Page last updated at 20:50 GMT, Thursday, 26 June 2008 21:50 UK

Cameron's Britain: Euro-doubts

By Mark Mardell
Europe editor, BBC News

Flags of EU and member nations - file photo
The Conservatives want to repatriate certain powers from the EU

If David Cameron becomes prime minister he may spend an awful lot of time in Brussels as well as talking about Europe.

It is a tricky and potentially dangerous topic for the Conservatives, but the handful of policies that have been announced suggest it could blow up into one of the big stories if Mr Cameron makes it to No 10.

The Irish "no" to Lisbon raises even more tantalising possibilities.

The Conservatives are clear they do not want to leave the European Union, but have very severe doubts about the way it is being run at the moment.

Mr Cameron has made two firm promises - to take back certain powers from the EU and put his party at the forefront of forging a brand new European political group.

But more oblique hints suggest he could also be heading for a first-term referendum on Britain's relationship with the EU.

That's an awful lot of the "E" word for someone who was elected leader promising not to "bang on" about Europe.

It is a subject that evokes real passion in the hearts of many Conservative stalwarts.

That can make it an awkward subject too, where pragmatism is seen as betrayal and principle as obsession.

The Conservative civil war was about Europe, and it was a huge factor in Margaret Thatcher's downfall and the undermining of John Major's government.

David Cameron and Lord Heseltine
Lord Heseltine remains a keen Tory supporter of the EU

But times have changed; the pro-European generals, like Ken Clarke and Michael Heseltine, may not have quit the field but they no longer command big battalions.

The vast majority of those on the Conservative benches now range from being suspicious of the European Union to downright hostility.

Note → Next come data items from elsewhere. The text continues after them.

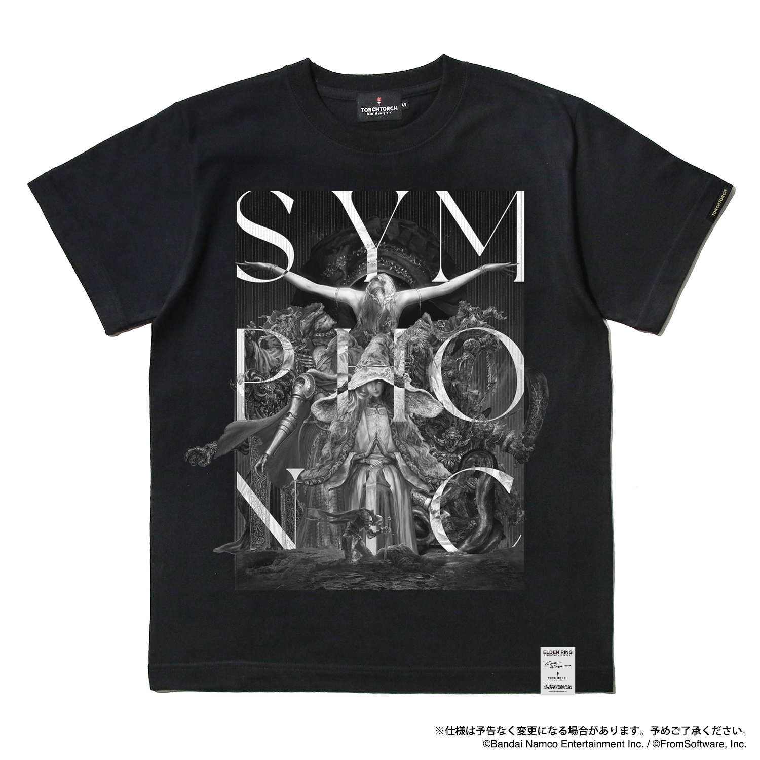 裾には、『ELDEN RING NIGHTREIGN』を象徴するシンボルを昇華転写で美しく表現したネームタグを配置しました。このアイテムだけに付いている、内側のケアラベルもお楽しみください。
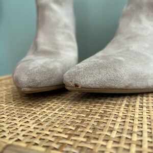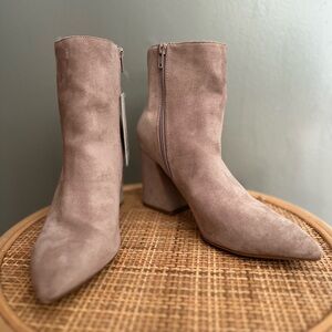 Adorable taupe colored booties. New with tags. A little dirt on bottom from try on. Small blemish on toe of bootie. Hardly noticeable.
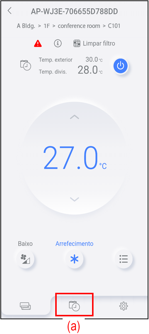 Pode definir o Temporizador semanal para cada aparelho de ar condicionado tocando no nome do mesmo.
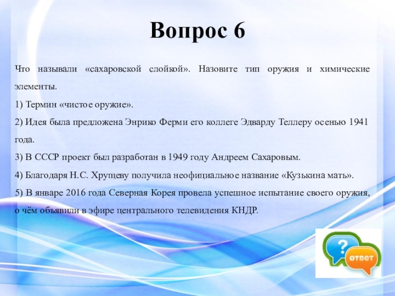Что называли «сахаровской слойкой». Назовите тип оружия и химические элементы.
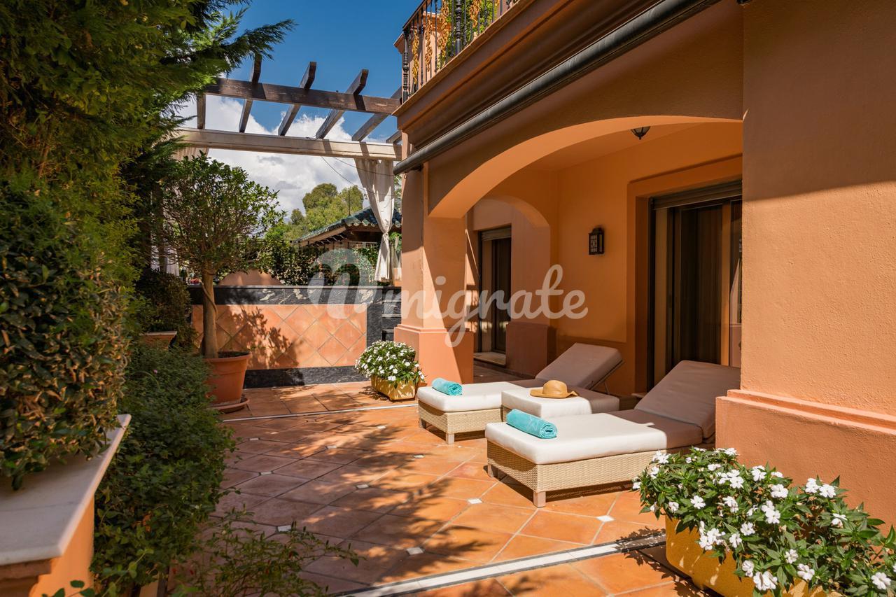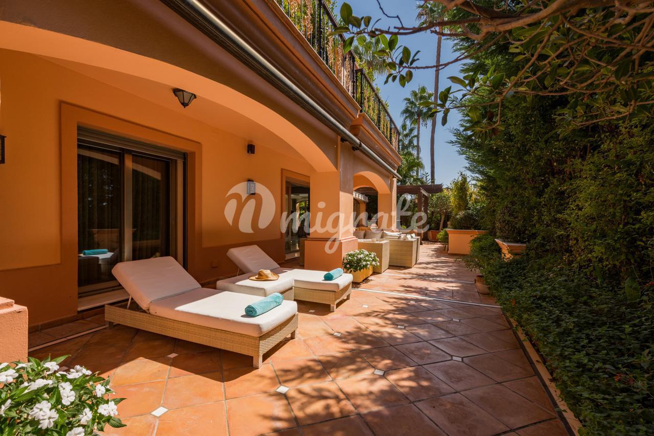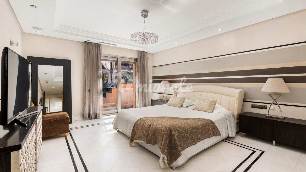 Этот удивительный дом на первом этаже с видом на воду расположен в очень хорошо оборудованном комплексе с круглосуточной охраной, недалеко от 5-звездочного отеля Guadalpin Banus и в нескольких минутах ходьбы от Пуэрто Бануса вдоль недавно построенной набережной. Сообщество пользуется общественным клубом с кафетерием, аккуратными общественными зелеными зонами, нетронутыми садами и бассейном. Роскошная отделка заметна из прихожей и зон общего пользования, украшенных яркими камнями, мрамором и благородными металлами. Эти апартаменты на первой линии пляжа предлагают удобную планировку с прихожей, гардеробной для гостей и кухней с примыкающей прачечной справа. Гостиная с камином и обеденным столом выходит окнами на юго-запад и имеет прямой выход как на западную террасу с джакузи и баром (раковина и льдогенератор), так и в частный сад на юге с прямым выходом в общую зону. В доме две спальни с двумя ванными комнатами. В обоих номерах есть встроенные шкафы.

They think this is a mirror image of the views of the British voters.

Lower down the ranks, while few openly advocate leaving the EU, many see a semi-detached relationship as a logical outcome.

Dress rehearsal

Most Conservatives think the Irish rejection of the Lisbon treaty is a gift.

While it helps them argue the case that the treaty is dead, it also hands them a convenient blunt weapon for next year's Euro elections.

The June 2009 elections for the European parliament will be taken by most in Westminster, and perhaps many in the country, as merely a dress rehearsal for the general election.

But there is also likely to be clear blue water between the main parties on Europe itself.

David Cameron and Gordon Brown clash over the Lisbon treaty

It is now certain that if the Lisbon treaty is still in limbo the Conservatives will offer a referendum if they win the next election.

What if the Irish do vote again, and do vote "yes"?

The shadow foreign secretary William Hague argues: "If this treaty is ratified in this country without a referendum and if it is ratified in all other countries and comes into force before a general election, in our view not only would political integration have gone too far but the treaty would lack democratic legitimacy in Britain.

"So, as we have already made clear, that situation would not be acceptable to an incoming Conservative government and we would not let matters rest there."

What precisely this means, the Conservatives will not say at this stage. But it sounds like a pretty big hint that there will either be an attempt at renegotiating Lisbon or a referendum on Britain's relationship with the European Union, or a combination of the two.

Potential downside

It is just about possible to see other EU countries allowing UK opt-outs on social and employment law.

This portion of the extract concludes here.